*EXERCISE OBJECTIVE:* Copy, word for word, the lines of the listing below from the line with "СНИМКИ 1-4 и" up to and including the line with "Lauttaretken jälkeen me". Drop the pictures.

[GIVEN DATA — start]

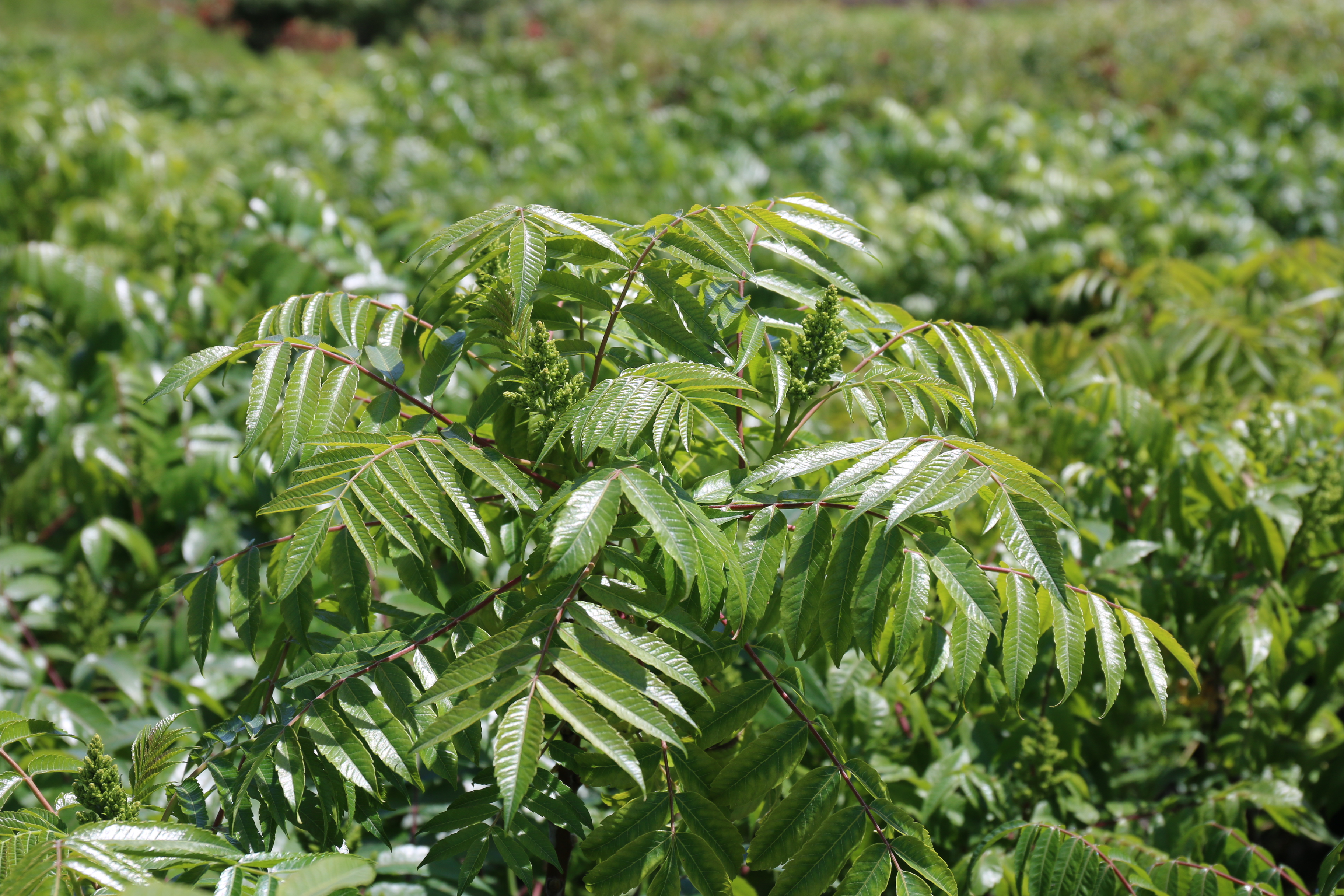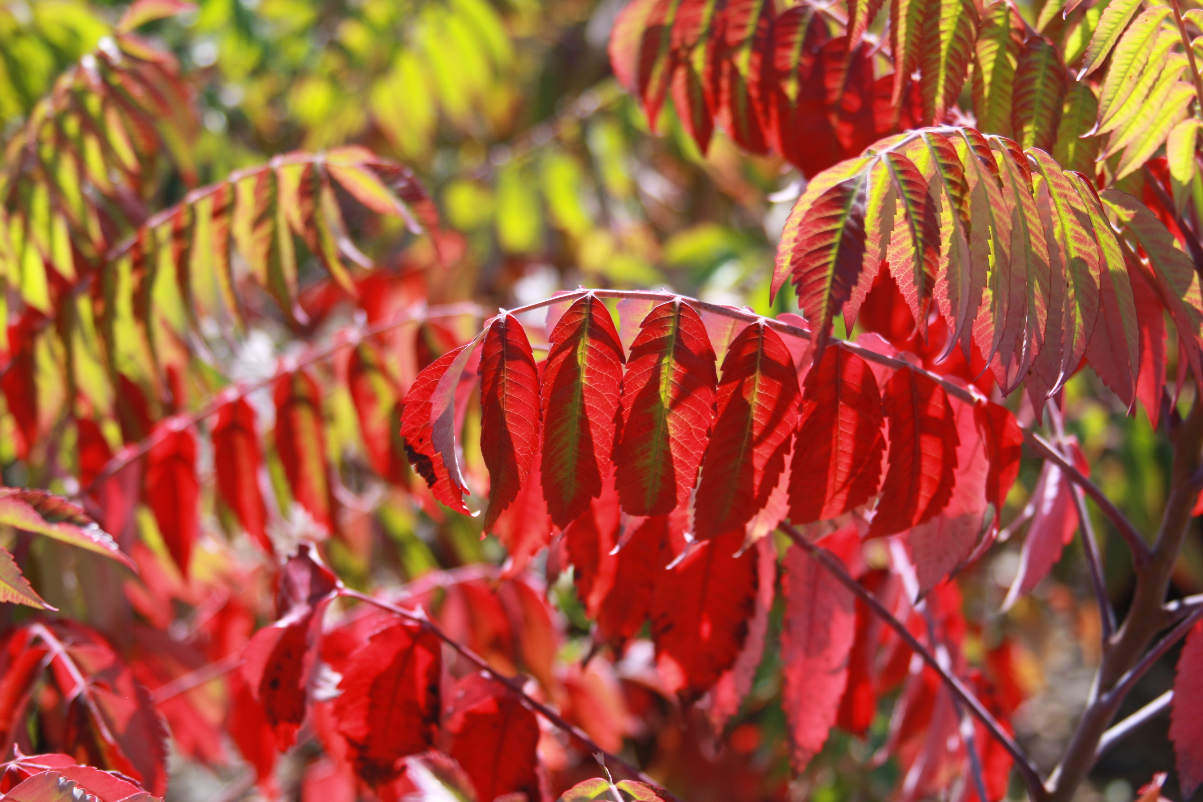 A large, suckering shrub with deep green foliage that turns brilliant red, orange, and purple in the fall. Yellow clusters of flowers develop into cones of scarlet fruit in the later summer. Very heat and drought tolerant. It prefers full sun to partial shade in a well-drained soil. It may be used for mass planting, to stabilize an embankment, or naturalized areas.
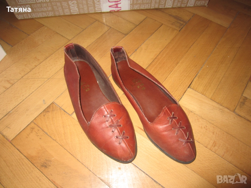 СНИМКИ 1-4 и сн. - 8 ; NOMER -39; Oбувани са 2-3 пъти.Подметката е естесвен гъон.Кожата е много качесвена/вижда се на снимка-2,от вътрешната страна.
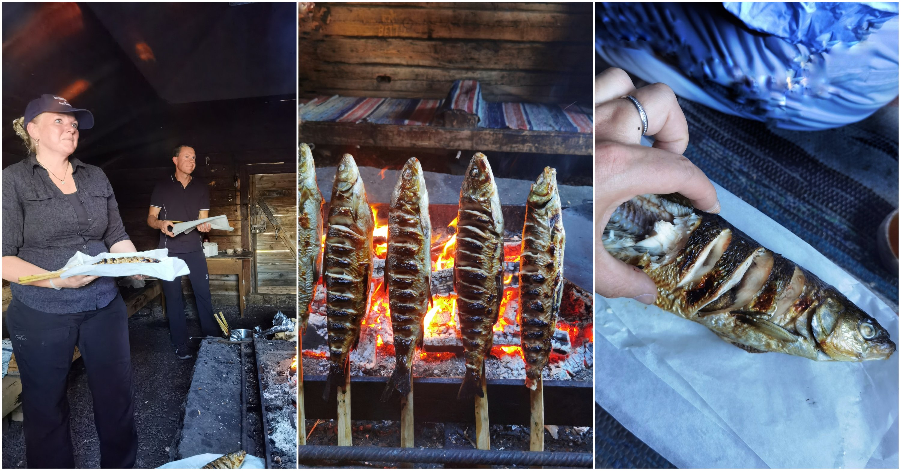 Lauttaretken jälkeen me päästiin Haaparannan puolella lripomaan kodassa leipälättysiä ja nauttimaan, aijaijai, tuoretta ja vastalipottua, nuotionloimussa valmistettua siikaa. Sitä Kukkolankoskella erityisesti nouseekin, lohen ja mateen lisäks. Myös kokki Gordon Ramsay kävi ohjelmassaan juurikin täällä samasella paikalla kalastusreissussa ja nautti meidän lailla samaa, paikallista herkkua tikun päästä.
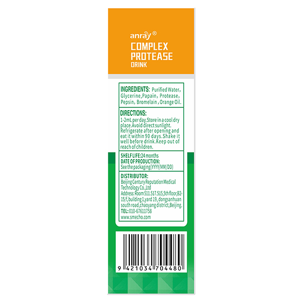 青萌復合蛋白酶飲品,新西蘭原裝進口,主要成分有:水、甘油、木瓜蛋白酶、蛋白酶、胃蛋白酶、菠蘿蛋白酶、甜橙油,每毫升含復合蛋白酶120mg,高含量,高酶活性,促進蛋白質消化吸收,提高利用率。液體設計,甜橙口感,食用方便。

[GIVEN DATA — finish]

*WRITTEN SOLUTION:*
 СНИМКИ 1-4 и сн. - 8 ; NOMER -39; Oбувани са 2-3 пъти.Подметката е естесвен гъон.Кожата е много качесвена/вижда се на снимка-2,от вътрешната страна.
 Lauttaretken jälkeen me päästiin Haaparannan puolella lripomaan kodassa leipälättysiä ja nauttimaan, aijaijai, tuoretta ja vastalipottua, nuotionloimussa valmistettua siikaa. Sitä Kukkolankoskella erityisesti nouseekin, lohen ja mateen lisäks. Myös kokki Gordon Ramsay kävi ohjelmassaan juurikin täällä samasella paikalla kalastusreissussa ja nautti meidän lailla samaa, paikallista herkkua tikun päästä.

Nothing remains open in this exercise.